The metal without which AIdoesn’t work
Copper has been considered a key metal of the industrial economy for decades. It is used in electrical grids, cables, electronics and transportation infrastructure.
But now new sources of demand are being added to these sources of demand – electric vehicles and artificial intelligence.
Technology giants including Microsoft, Amazon and Alphabet are investing tens of billions of dollars to build giant data centers.
Each such facility requires huge amounts of energy infrastructure, where copper remains the key material.
Demand for copper in electric and hybrid vehicles is projected to grow from 2.3 million tons in 2025 to about 6 million tons by 2035.
Other technologies such as artificial intelligence, data centers, and communication networks are also putting additional strain on electricity infrastructure, increasing the need for transmission lines, generators, and energy storage systems.
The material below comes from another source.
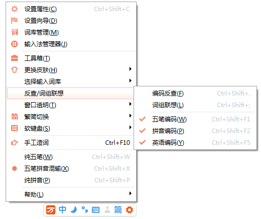 操作方法:首先点击万能五笔弹出功能菜单→反查编码/联想→显示反查编码→使用五笔词库,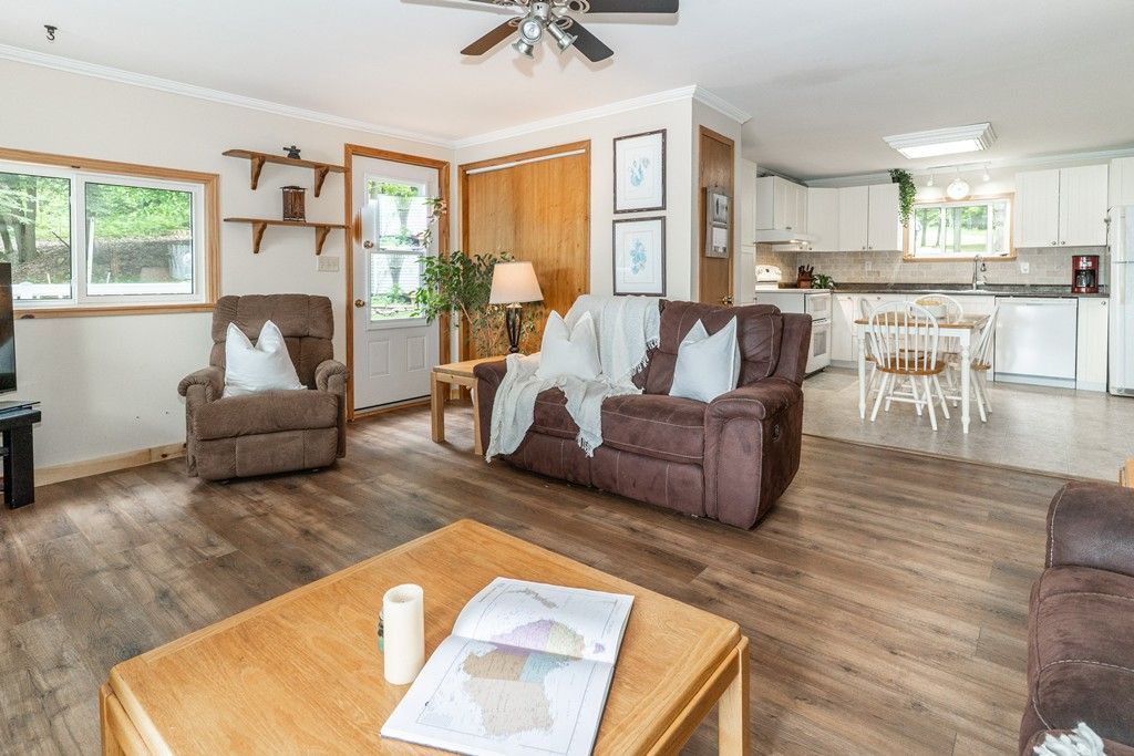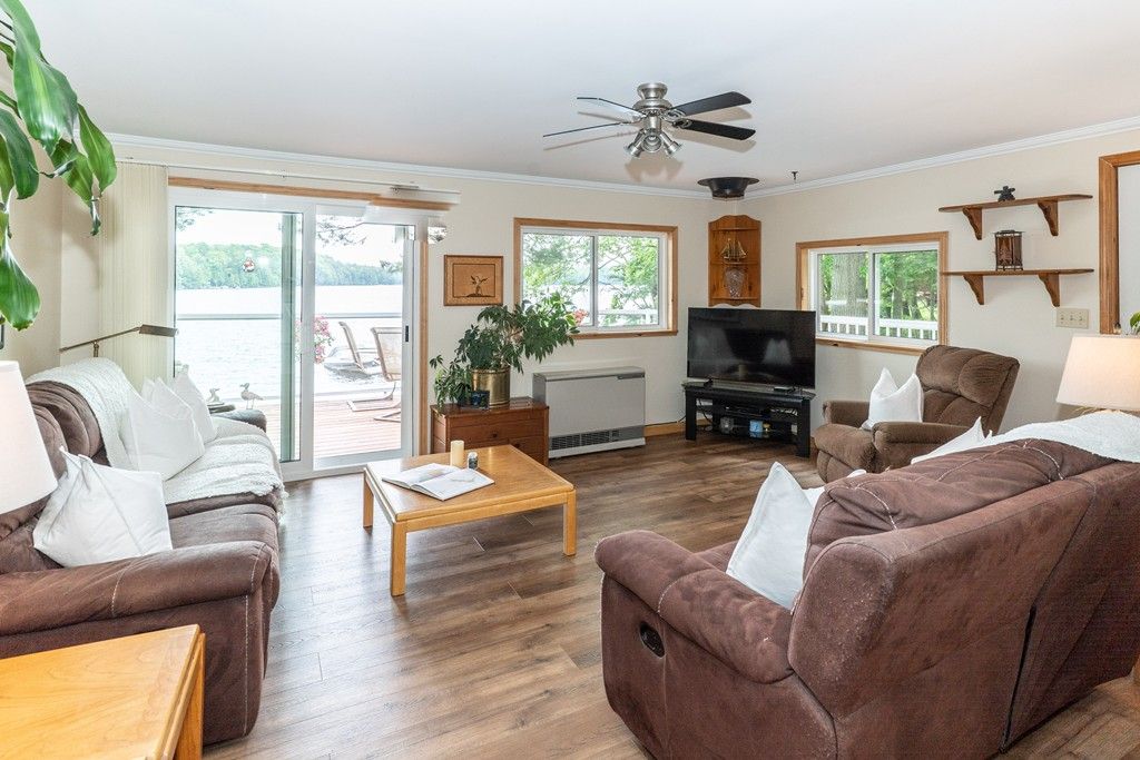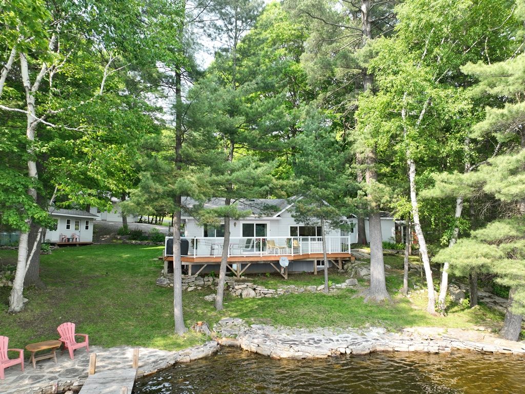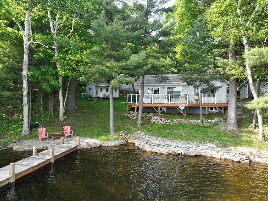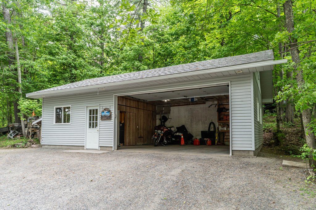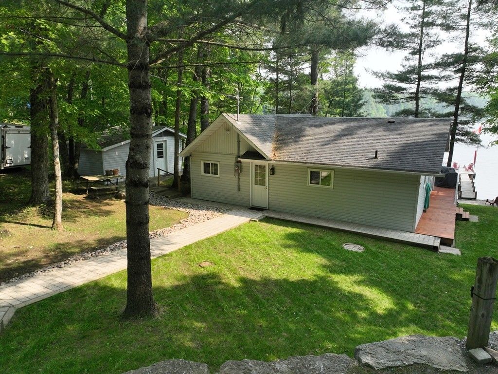 Nestled along the serene shores of a sparkling Kushog Lake in the heart of Algonquin Highlands, this exquisite year round waterfront property offers a rare opportunity to own a piece of paradise. With breathtaking views, modern amenities, and unparalleled access to natures beauty, this home defines luxury living at its finest. Whether you seek tranquility, adventure, or entertainment, this property provides the perfect setting for it all. Featuring 2 bedroom plus and office that could easily be a 3rd bedroom, recently renovated bathroom with main floor laundry, Country kitchen, one floor living with views of the lake from everywhere, large 2 car detached garage with workshop attached, great bunkie and lots of storage sheds. The waterfront is clean with 8ft of water off the end of the dock, Kushog Lake is a 2 lake chain with acres and acres of Crown land to explore. Upgraded Triple pane windows, 200 amp panel upgrade in 2022, Septic replaced in 2009, the home/cottage easy to heat and maintain. Come check it out.

Demand from these sectors is expected to grow from 10 million tons in 2025 to 14 million tons by 2035. Transmission and power generation will account for about 77% of this growth, economies.com reported.
Industry analysts estimate that a large data center can use up to 50,000 tons of copper – several times more than a traditional data center.
Goldman Sachs analyst Eoin Dinsmore notes in this regard: “Electrification and advances in artificial intelligence are creating a structural increase in copper demand that could persist for decades.”
Not surprisingly, the metal’s price has already climbed above $13,000 per ton, reflecting the growing competition for the strategic resource. By the end of 2025, copper had only just crossed the $12,000-per-ton mark, increasing in value by more than 30% in a year, notes binance.com.
New commodity supercycle
Rising demand for copper, electricity and power equipment has analysts talking about the possible start of a new commodity supercycle.
This term is used to describe long periods of rising commodity prices caused by fundamental changes in the global economy.
The last such cycle was observed in the early 2000s, when China’s industrialization dramatically increased demand for metals and energy.
Now artificial intelligence infrastructure may play a similar role.
Analysts at S&P Global warn that copper shortages could reach 10 million tons a year by 2040 if investment in mining does not accelerate.
The growing importance of copper is already beginning to change global economic policy.
The largest deposits of the metal are in Chile, Peru and the Democratic Republic of Congo. And it is greatly increasing geopolitical interest in these countries.
Everyone recognizes that as the race for leadership in artificial intelligence accelerates, control of metal supply chains and energy infrastructure is becoming a new element of global geopolitics.
This approach has already created new flashpoints in the world, in the case of the situation around Greenland, Venezuela, or the war in Iran. In each of these cases, control over resources was an obvious, if not explicitly declared, goal.